Could the lines from the start of the data through the line with "gylis – nuo 30 mm" be set down exactly, with no pictures among them?

Data below –
▼▼▼

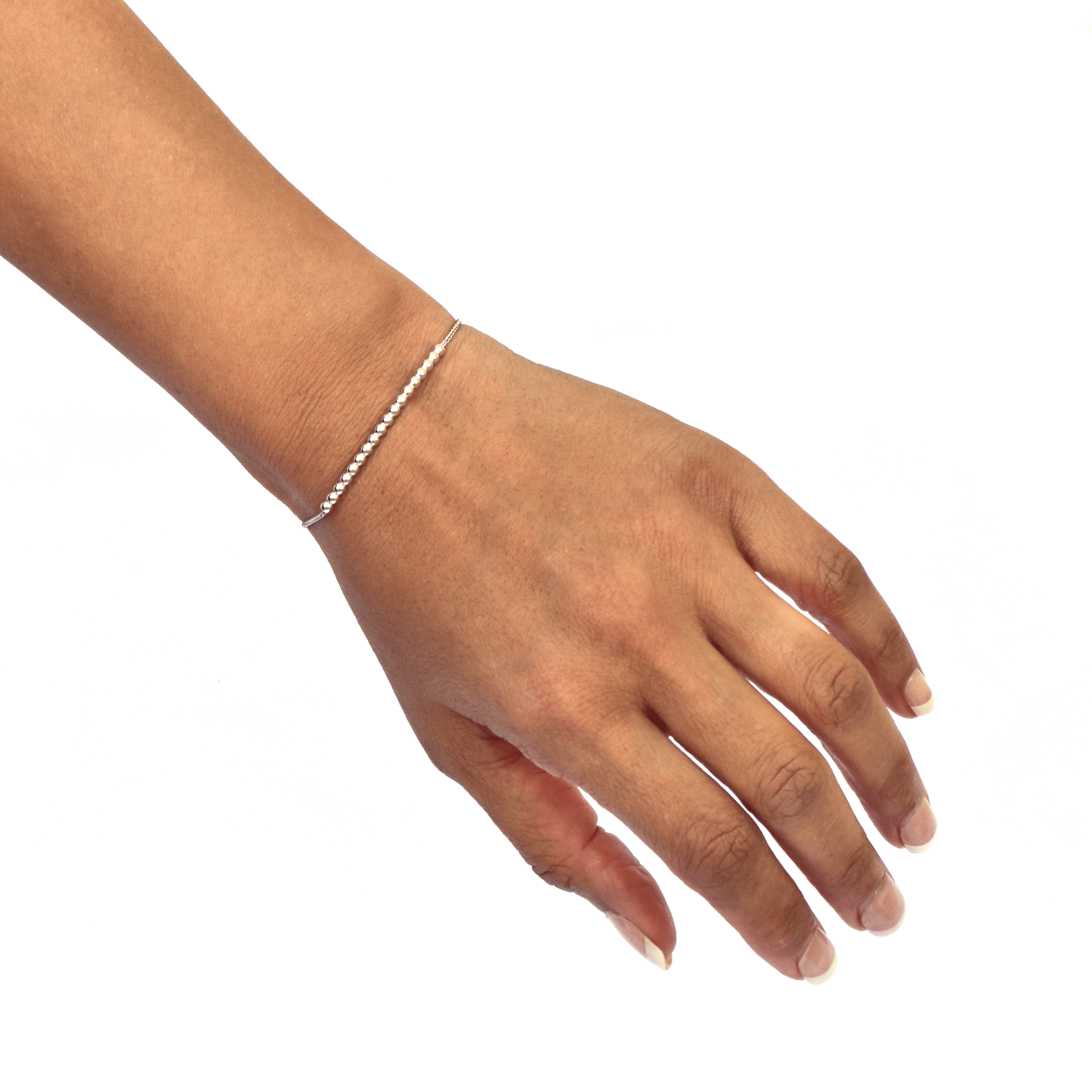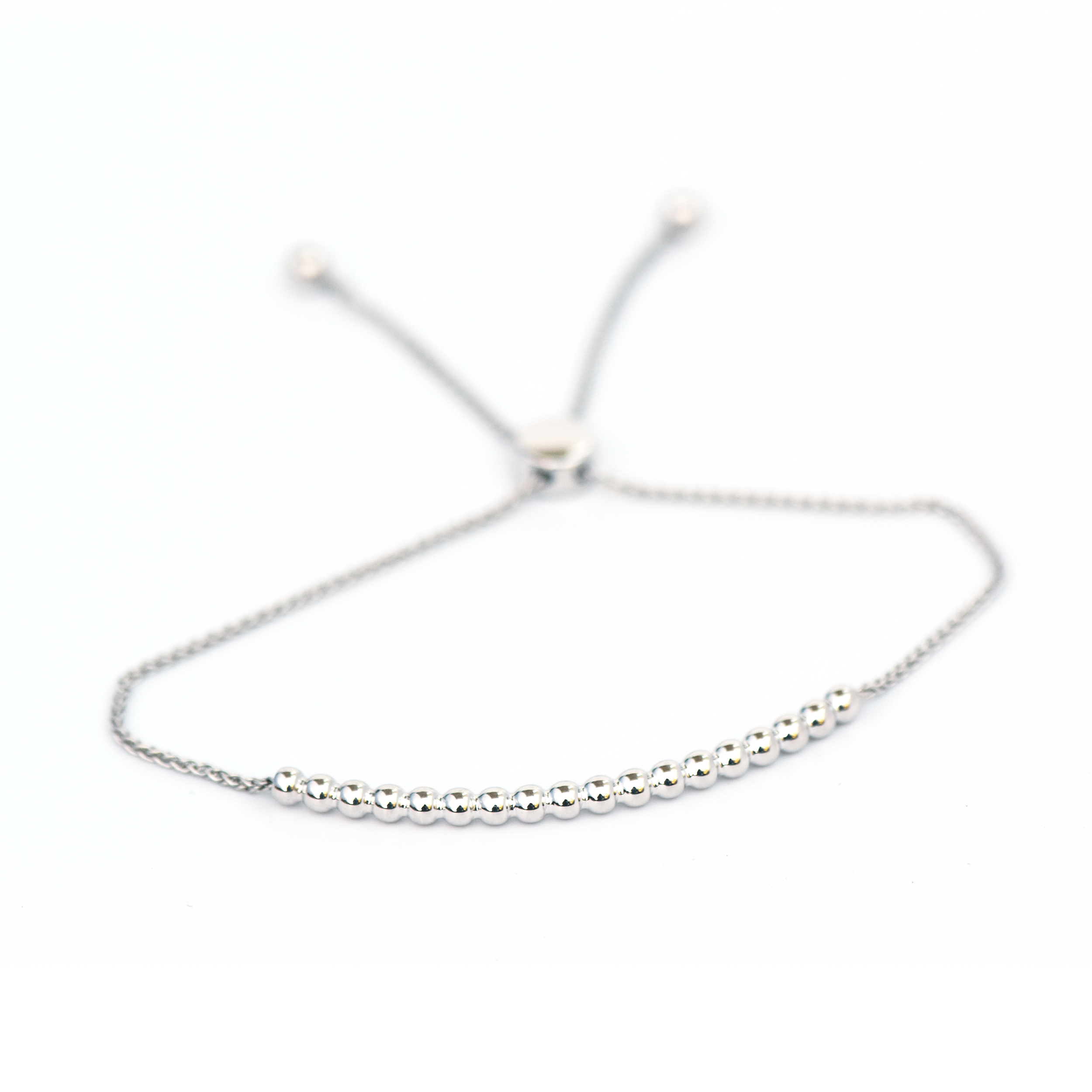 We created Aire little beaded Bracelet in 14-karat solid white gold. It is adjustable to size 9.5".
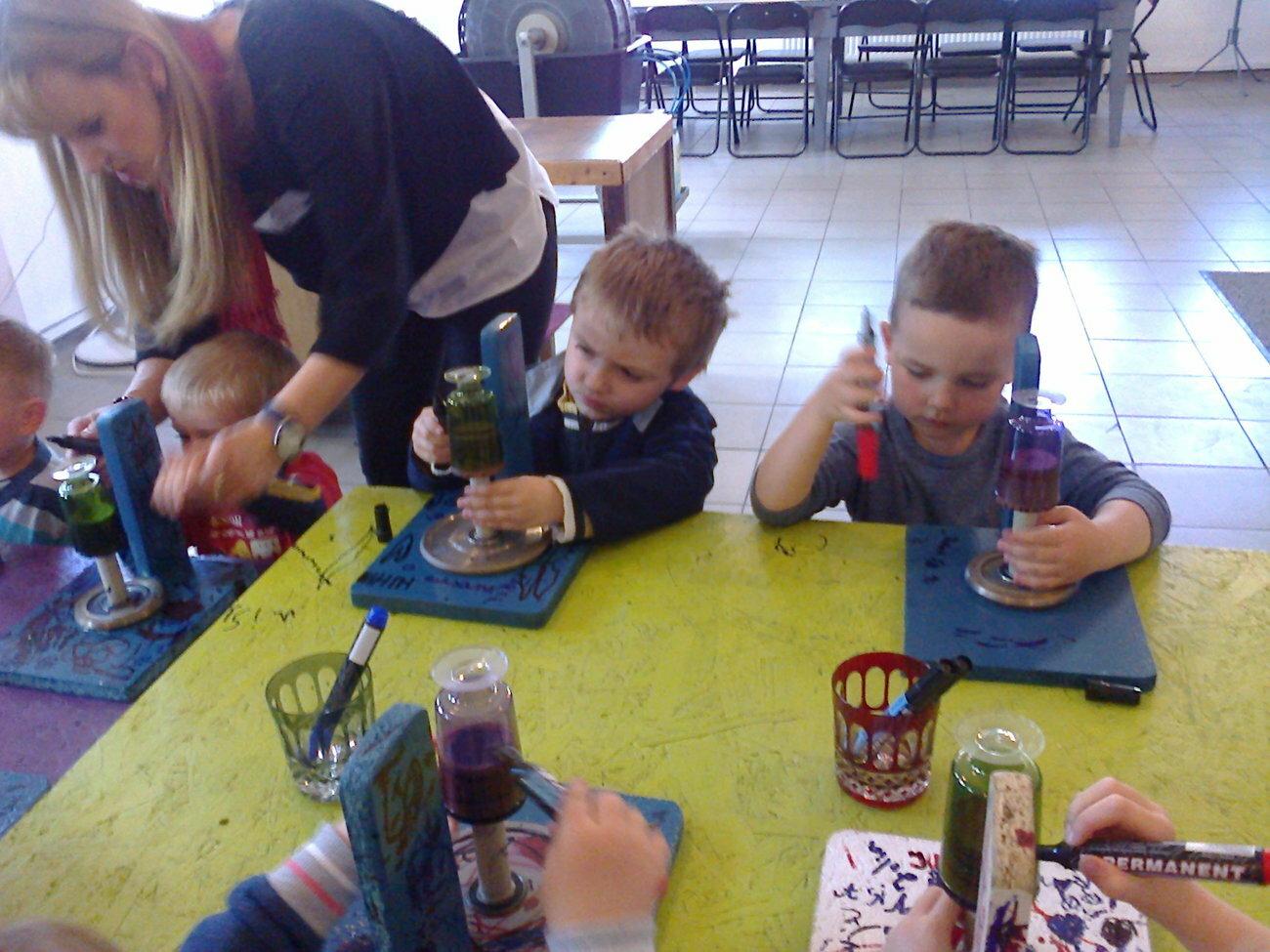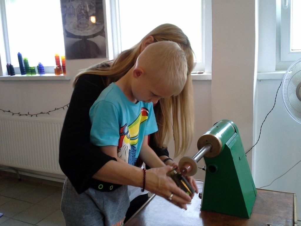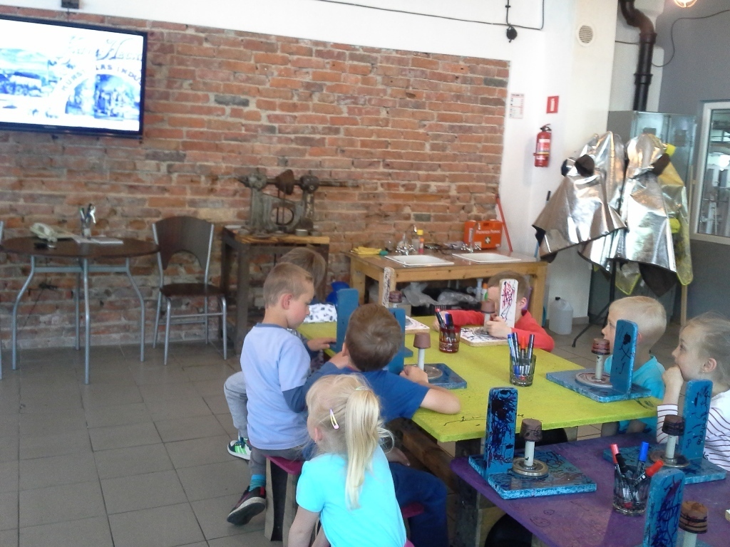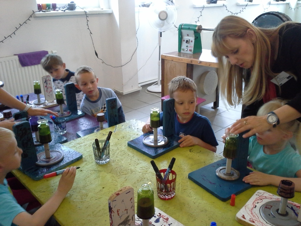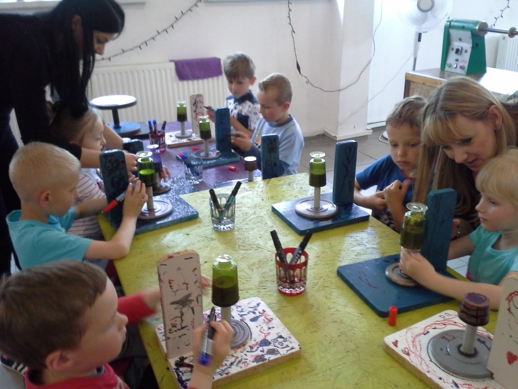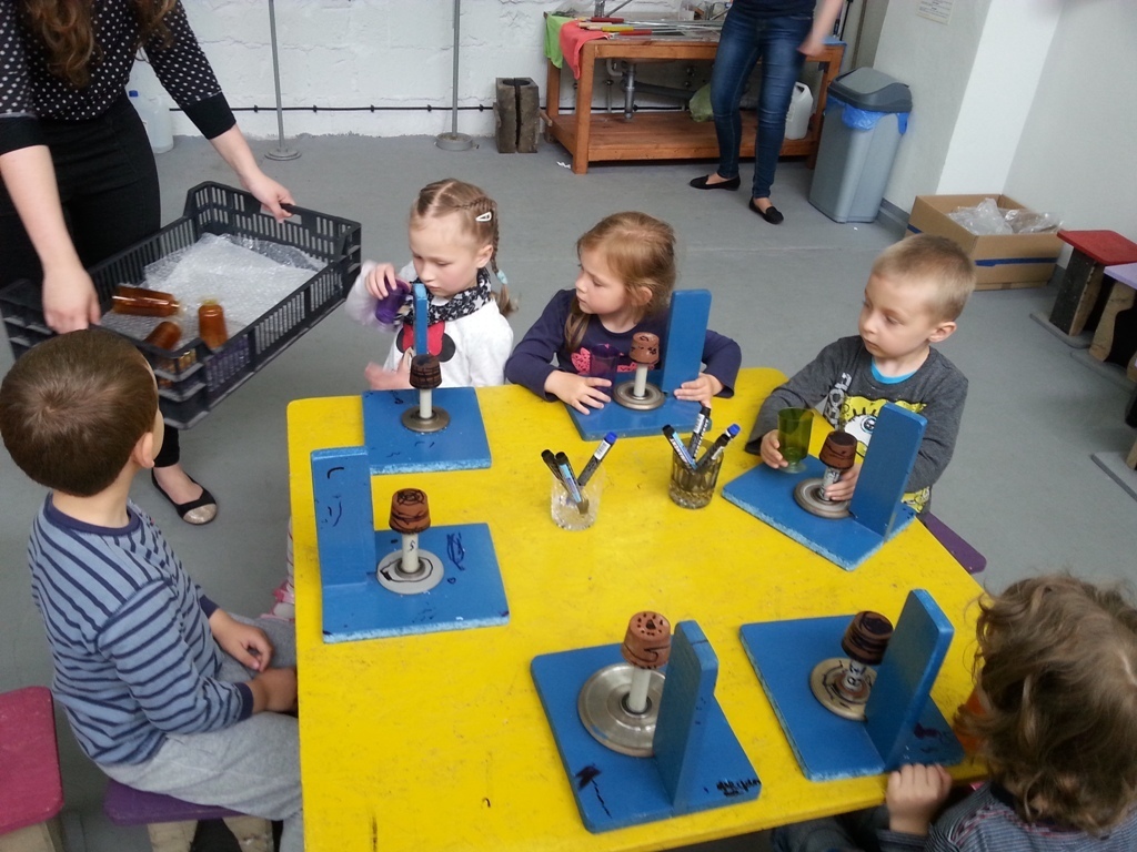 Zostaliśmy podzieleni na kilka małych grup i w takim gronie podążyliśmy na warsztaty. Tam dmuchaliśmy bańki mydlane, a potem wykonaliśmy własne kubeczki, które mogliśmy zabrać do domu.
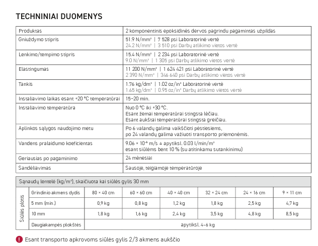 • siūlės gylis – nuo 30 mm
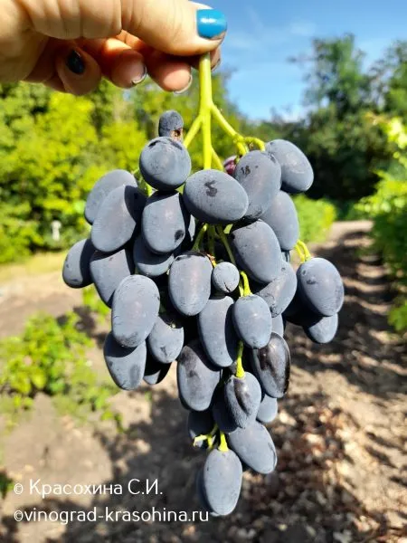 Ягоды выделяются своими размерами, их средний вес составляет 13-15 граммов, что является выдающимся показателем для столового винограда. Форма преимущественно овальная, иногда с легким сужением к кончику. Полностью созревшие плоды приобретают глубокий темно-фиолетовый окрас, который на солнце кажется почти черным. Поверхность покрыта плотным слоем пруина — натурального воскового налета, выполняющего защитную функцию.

▲▲▲

Response box –
 We created Aire little beaded Bracelet in 14-karat solid white gold. It is adjustable to size 9.5".
 Zostaliśmy podzieleni na kilka małych grup i w takim gronie podążyliśmy na warsztaty. Tam dmuchaliśmy bańki mydlane, a potem wykonaliśmy własne kubeczki, które mogliśmy zabrać do domu.
 • siūlės gylis – nuo 30 mm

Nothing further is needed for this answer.